Por Maria Helena Masquetti*
“O passado não reconhece o seu lugar: está sempre presente”. Talvez esta simplicidade certeira do poeta Mário Quintana seja a mais credenciada para representar as conclusões de tantos observadores, pesquisadores, médicos, educadores e pensadores que, sob diferentes ângulos de visão, vêm alertando o mundo para a importância dos primeiros anos na vida de cada criança.
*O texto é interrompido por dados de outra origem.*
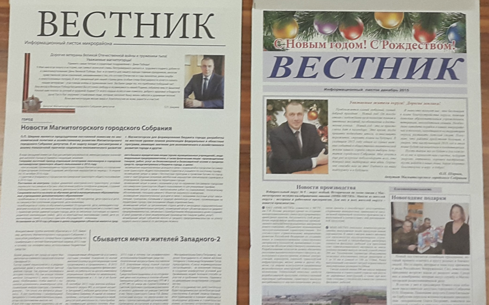 Ежегодно из средств депутата подписываются на газету “Магнитогорский Металл” более 350 человек – ветераны труда ММК и ММЗ. Ежеквартально издается “Вестник”, который является информационным листком микрорайона о жизни и делах в 9 избирательном округе.
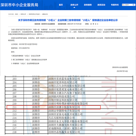 2023年7月21日, 喜報傳來,在工業和信息化部組織開展的第五批專精特新“小巨人”企業培育活動中,深圳市深賽爾股份有限公司順利通過審核及公示。

Não é necessário sermos engenheiros ou arquitetos para saber que a fase mais importante de qualquer edificação é seu alicerce. O que vier depois dependerá dessa base para ela se manter em equilíbrio e resistir à ação do tempo. As crianças também são assim, apenas a matéria da qual elas são feitas é infinitamente mais delicada e frágil. A argamassa que fixa com segurança os pés delas no chão é a alegria de serem amadas, a aventura de descobrir o mundo amparadas por mãos firmes e a confiança de se abandonarem no colo forte e protetor daqueles que a amam.
Por estarem em desenvolvimento, nos primeiros meses, as crianças pensam e sentem de uma forma espelhada seja em relação à figura materna ou de quem lhes faça as vezes. O mesmo se dá em relação às condições do ambiente no qual elas são concebidas e criadas. Por isso é tão fundamental que seus pais estejam bem ou amparados também, conforme o caso, e que o ambiente possa ser então essa referência acolhedora e amorosa que a criança poderá tomar, enfim, como um reflexo dela mesma.
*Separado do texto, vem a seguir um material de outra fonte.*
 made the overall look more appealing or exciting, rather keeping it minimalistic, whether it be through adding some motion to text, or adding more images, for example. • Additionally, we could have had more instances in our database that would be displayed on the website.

Desde a concepção e até antes dela, cada experiência pode fazer a diferença na percepção que a criança terá sobre o mundo que a rodeia e na consequente construção de sua personalidade. Como um DNA dos destinos, a infância, da forma como for vivida, será determinante para o resto da vida de toda criança. Portanto, se algo não estiver indo bem, precisamos intervir rápido e com vigor, cada qual com suas atribuições, obrigações e possibilidades para fazer desse começo um dos melhores capítulos da vida delas.
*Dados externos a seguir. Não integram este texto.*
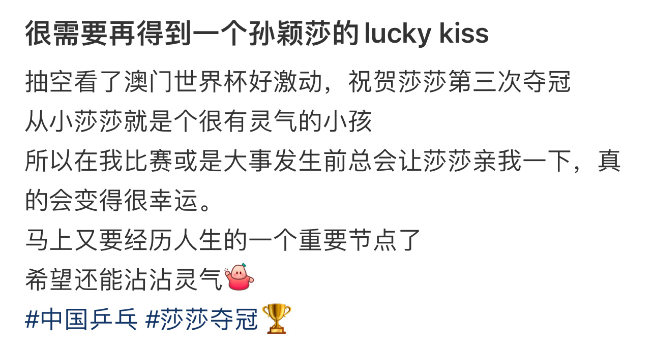 宝宝 我也要lucky kiss🥺 孙颖莎

No filme O Começo da Vida, de Estela Renner, várias situações tocantes mostram a importância desse cuidado e atenção com os filhos desde o momento em que foram concebidos. Ao mesmo tempo, porém, alerta a sociedade e o poder público sobre a urgência de políticas capazes de dar suporte a uma multidão de mães e pais que enfrentam, a duras penas, o desafio de garantir uma infância tranquila e feliz para seus filhos.
Contrariando a concepção antiga de criança como um ser inacabado, a infância é a melhor versão de cada ser humano pela capacidade que os pequenos têm de enxergar a beleza ou as saídas que muitos não podem ver, pela capacidade lúdica de reinventar a realidade, pela naturalidade com que praticam a inclusão entendendo que, com o outro, é tão mais gostoso brincar ou ainda pela magia de tocar o futuro com as mãos sem ter chegado lá. São tantas as maravilhas contidas em cada criança que é inadmissível ver muitas delas perdendo pelo caminho suas melhores razões para acreditar na vida em função de qualquer desamparo, seja ele de que ordem for.
“Se mudarmos o começo da história, mudamos a história toda” é uma das muitas falas presentes no filme e que nos ajuda a refletir sobre a infância como a matriz da existência que precisamos manter intacta para que se reproduza em plenitude de geração em geração. Cada ventre grávido carrega essa matriz, cada bebê que chora e cada criança que ri é o desabrochar delicado de alguém que chegou para fazer a diferença no mundo. Porém, para que assim aconteça, a infância deve ser nossa prioridade absoluta e, como tão oportunamente adverte a canção, “há que se cuidar do broto pra que a vida nos dê flor e fruto”. (#Envolverde)
* Maria Helena Masquetti é graduada em Psicologia e Comunicação Social, possui especialização em Psicoterapia Breve e realiza atendimento clínico em consultório desde 1993. Exerceu a função de redatora publicitária durante 12 anos e hoje é psicóloga do Instituto Alana.